The prevalence of LEAD is greater than commonly thought, and reaches 40 million cases in Europe alone, with more than 200 million all over the world; its incidence is rising over time, with a 13–28% increase every decade, which is probably explained by a worldwide population increase, global ageing, and increased incidence of diabetes and smoking in low-income countries.
LEAD usually appears at around 50 years of age, with an overall disease prevalence in the range of 3–10%, which increases exponentially to 15–20% in the population over 65 years old. It is more frequent in men, although this difference is reduced in the elderly. It is markedly increased with exposure to various cardiovascular risk factors. These include: age, smoking (odd ratio [OR] 2.72), diabetes (OR 1.88), hypertension (OR 1.55) and dyslipidaemia (OR 1.19) .

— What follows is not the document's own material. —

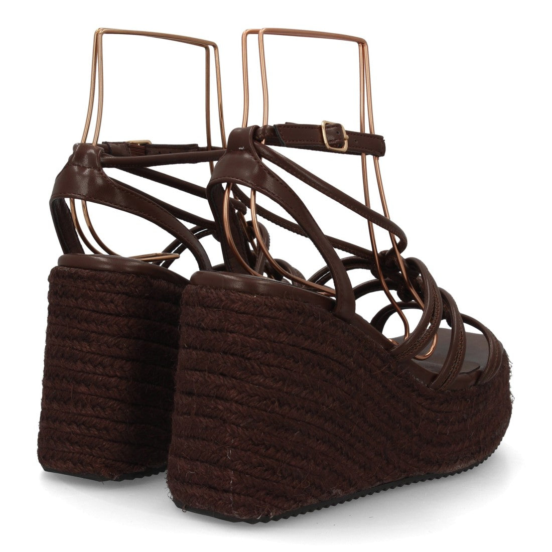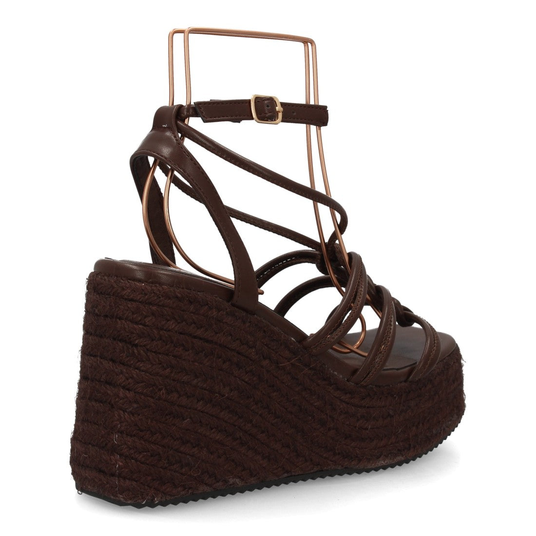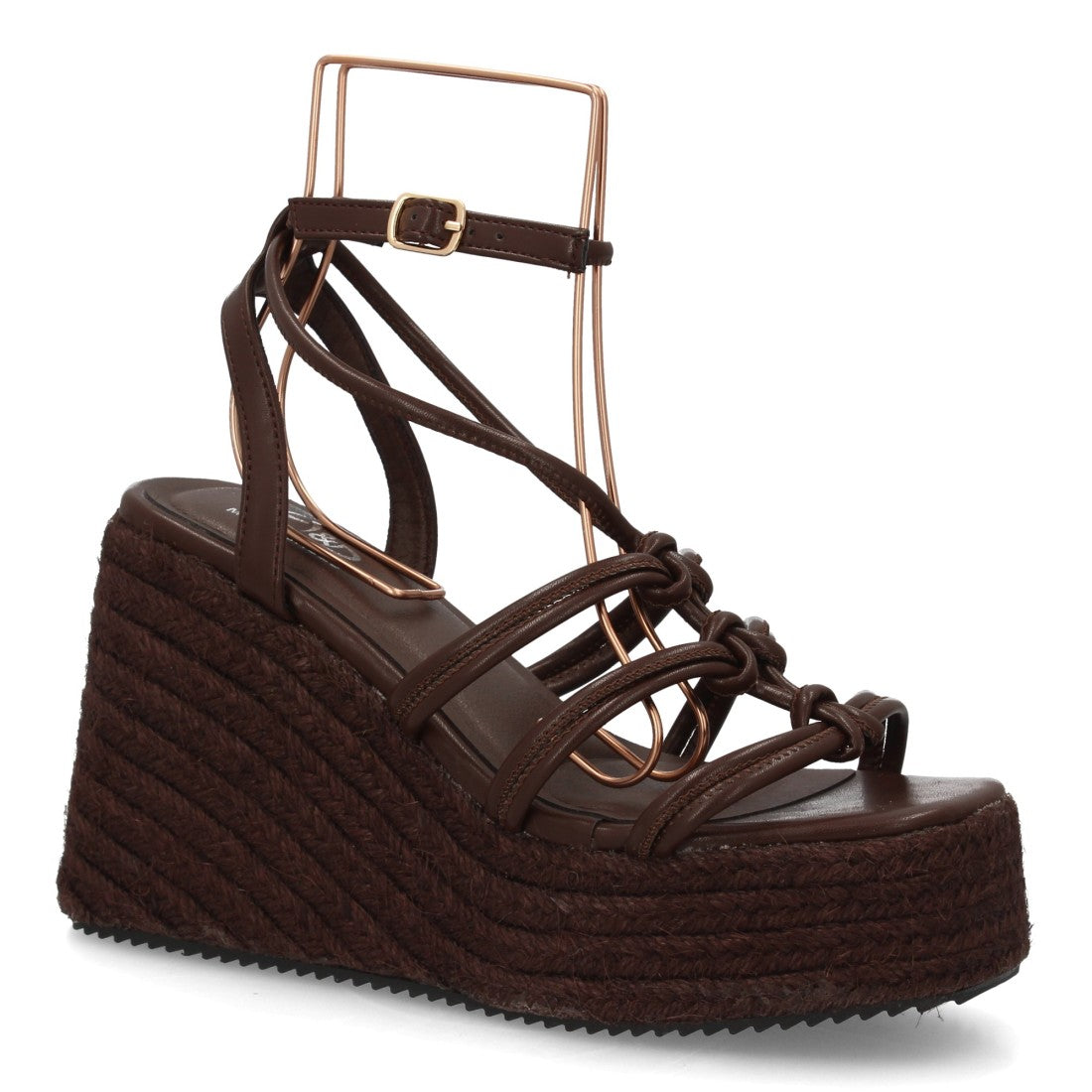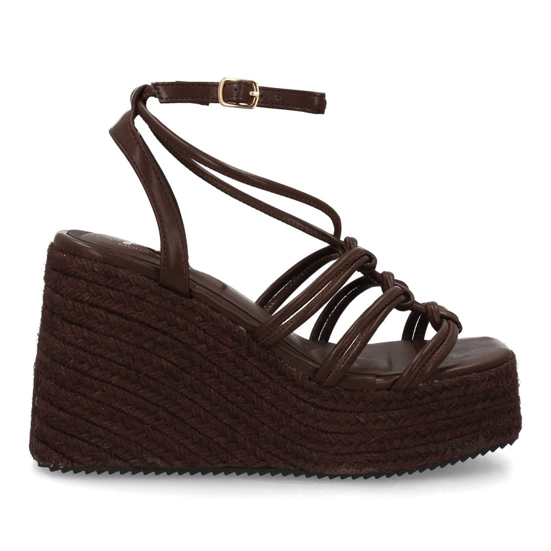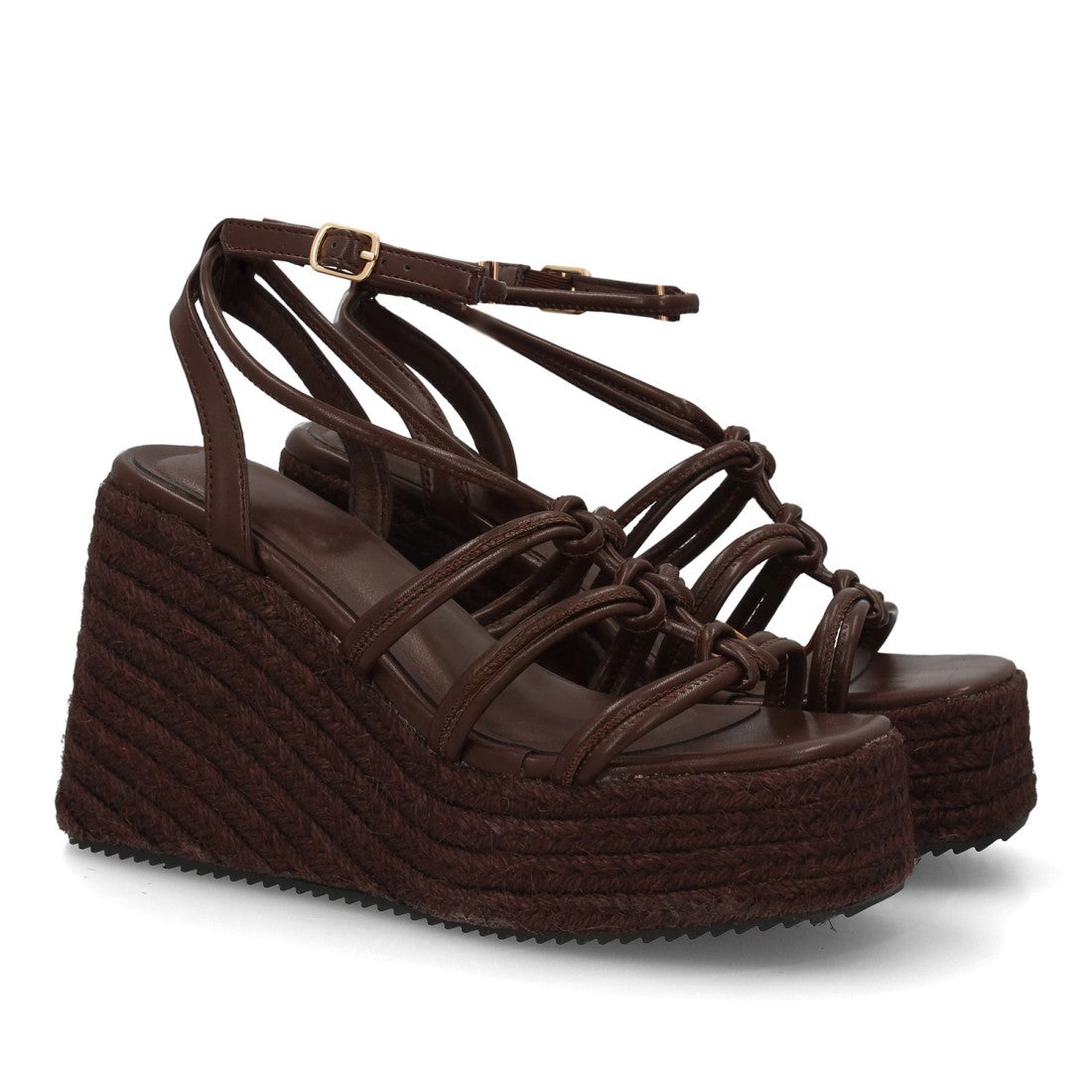 Sandalia con cuña alta y plataforma de esparto, máxima comodidad. Diseño de tiras múltiples con detalles anudados Cierre con hebilla ajustable.

Since the atherosclerotic process underlying LEAD is systemic, involving various arterial beds, multisite involvement is frequent. Indeed, patients with LEAD have a 25–72% rate of coronary artery disease and around 20% prevalence of significant (>70–75%) carotid or renal artery stenosis, resulting in a four–fold increase in both cardiovascular and cerebrovascular events .
LEAD assessment and diagnosis
The first assessment when dealing with arterial disease is a comprehensive evaluation of cardiovascular risk factors. It is of paramount importance to identify these factors and develop strategies to correct them over time, in order to reduce the overall mortality risk.
A personal and family clinical history of LEAD, coronary artery disease, aneurysm or cerebrovascular disease is part of the initial assessment. In obtaining the medical history, particular attention should be paid to daily physical activity, walking and exercise, lifestyle habits and diet (table 1).
|Family history||Coronary artery disease|
|Premature cardiovascular death (or established diagnosis of cardiovascular disease in first-degree male relatives before the age of 55 years or female before 65 years)|
|Smoking (present, past or passive)|
|Prior cardiovascular disease|
|Chronic kidney disease|
|Other elements||Walking impairment / claudication||Type: fatigue, aching, cramping, discomfort, burning|
|Location: buttock, thigh, calf, or foot|
|Timing: triggered by exercise, uphill rather than downhill, quickly relieved with rest; chronic|
|Lower limb pain (including foot) at rest, and evolution in the upright or recumbent position|
|Poorly healing wounds of the extremities|
|Physical activity assessment: functional capacity and causes of impairment|
Awareness of masked LEAD is important: many patients are elderly, with comorbidities that reduce their mobility, or affected by diabetic neuropathy with sensory loss, so they may not report discomfort or pain on exertion, but still present significant vascular impairment. In this subgroup of patients, diagnosis is often made at an advanced stage of the disease, shifting from asymptomatic LEAD to a severe form. LEAD can also be masked in one leg if the other one presents a more disabling symptom.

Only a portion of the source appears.